番外編 僕の幸せな〇〇②
番外編 僕の幸せな〇〇②
初めてジジスの異常性に気がついたのはドミーに襲撃された夜のことだった。
倒しても倒しても闇の中から次々に現れるドミーに死を覚悟した。
気が付いたら「コペルトさん!」と俺を呼んでいたジシスの声はいなくなり、ドミーの奇声しか聞こえてこなかった。
ジシスが死んだと思っていた。だが違った。
俺が何もしなくてもドミーが苦しがる奇声が聞こえるのだ。
戦いが終わり奇声が消えた後に聞こえたのは「ふはは」というジシスの笑い声だった。
「見てみてコペルトさん!」
そう言って近づいてきたジシスの手は真っ赤。体中が血で染まっていた。
ジシスは俺にライオンの頭を持って見せてきた。
「何をした」と答えを分かっていながら聞いた。
どう考えてもこれはアースの力だ。
けど違った。ジシスはアースを発動していなかった。
「僕がねあいつらを叩いたら死んじゃったんだよ! 虫みたいだったんだ! 僕すごいよね!」
考えれば分かったことだ。
こいつはアースを発動する武器を持っていないのだから、発動すら出来ない。
……いや、違う。
こいつは常にアースを発動していると言っても良いのかもしれない。
だからこんな力を得ているんだ。
こいつは生きるアース──幻獣そのもの。
この子はもう人間として生きていけない。
あの時、自分がこの子供を助けたことを後悔した。
けれど俺の中に、この結果を喜んでいる俺がいた。
だってこいつは力になるからだ。こいつと俺でジズを潰せる。
そう思った俺は反ジズ組織ライコスを作り、行き場のないやつらを探し回った。
それだけでなくジズの内部の人間にも接触をした。
使える奴、武器、道具はあっという間に集まった。
******
そして俺たちは攻撃に出た。
こうも早く復讐が出来ると思っていなかった。
夢を見ているようだった。
──ああ、それは本当に夢だった。

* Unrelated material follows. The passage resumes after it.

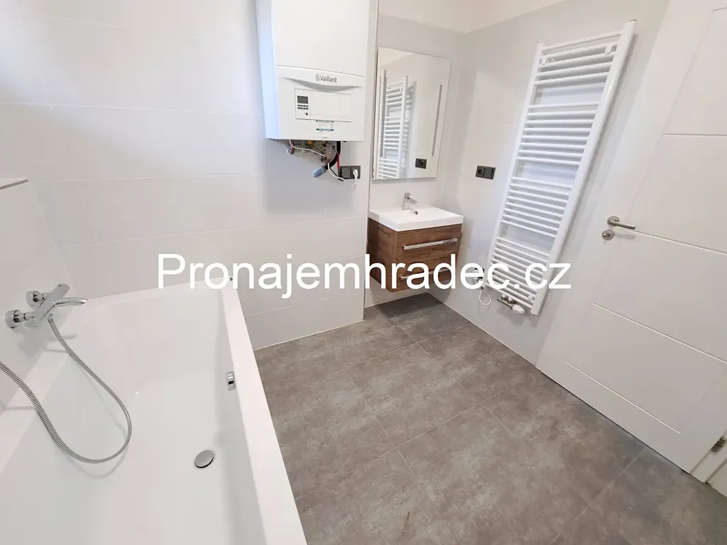 V koupelně se nachází vana s termostatickou baterií a závěsné WC. Byt je vytápěn úsporným kondenzačním kotlem, který zároveň zajišťuje ohřev teplé vody.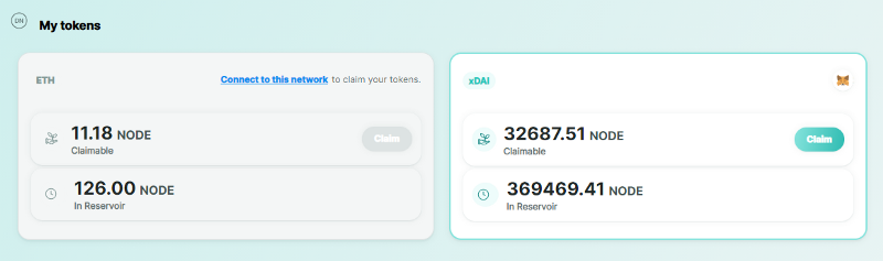 Recipients of the NODEdrop on xDai Network are granted the NODEstream, whereas on Mainnet the NODEdrop does not include the NODEstream automatically. In order to receive and augment the flow of NODE you must provide liquidity in any of the eligible pools. Some part of the rewards earned from NODEstaking are claimable immediately, where as the other part is allocated to the reservoir for NODEstreaming.

夢を見ていた。
いや、幻を見ていたのかもしれない。
ボロボロになった狼男を見てようやく俺は気が付いた。
俺のすべきことはこれじゃなかったって。
初めてジシスに会った日の気持ちを忘れていた。
ジシスの異常性に気がついてもこいつを子供だと思えば良かったんだ。
ジシスは武器じゃない。
俺が助けた人間だ。
俺と同じ紅い髪の少年が時間を稼いでくれたおかげでそれに気がつけた。
おかげで大きくなったジシスを背負って逃げることができた。
でも今のジシスを助けられる方法なんて知らない。
完全に幻獣になったら元に戻れない。
狼男から人間に戻すなら、ジシスの命をつないでいるアースを壊すしかないのだろう。
でもそれをしたらジシスは死ぬ。
だから俺にそんなことは出来ない。
考えもなしに前へ進んだ。
走っている途中背中に石が当たった気がした。
同時に背中に暖かい水がしみこんできた。
何が起きたかなんとなく察しがついた。
だから止まらなかった。
次第に狼男から人に戻って軽くなるジシスが、俺の察しが当たっていることを証明した。
「コペルトさん」
起きたばかりのようなジシスの声を聞いた時俺の足が止まった。
あと数分でジシスは死ぬ。理解していた。
でも何をすべきか分からない俺は謝っていた。
ジシスが俺を呼ばなくなってから、こいつを地面に寝かせた。
胸から血を流しボロボロになっているジシスは、まるで初めて会った時のような姿だった。
でも今度は助からない。
けど、最後にジシスが人間に戻れて良かった。
そんなジシスと話せて俺は救われた気がする。ジシス・・・。
「ありがとうジシス」
今度こそ俺がするべきことをする。
この世界で俺が何をすべきなのか考えるよ。
だからもう暫くだけお前と一緒にいさせてくれ。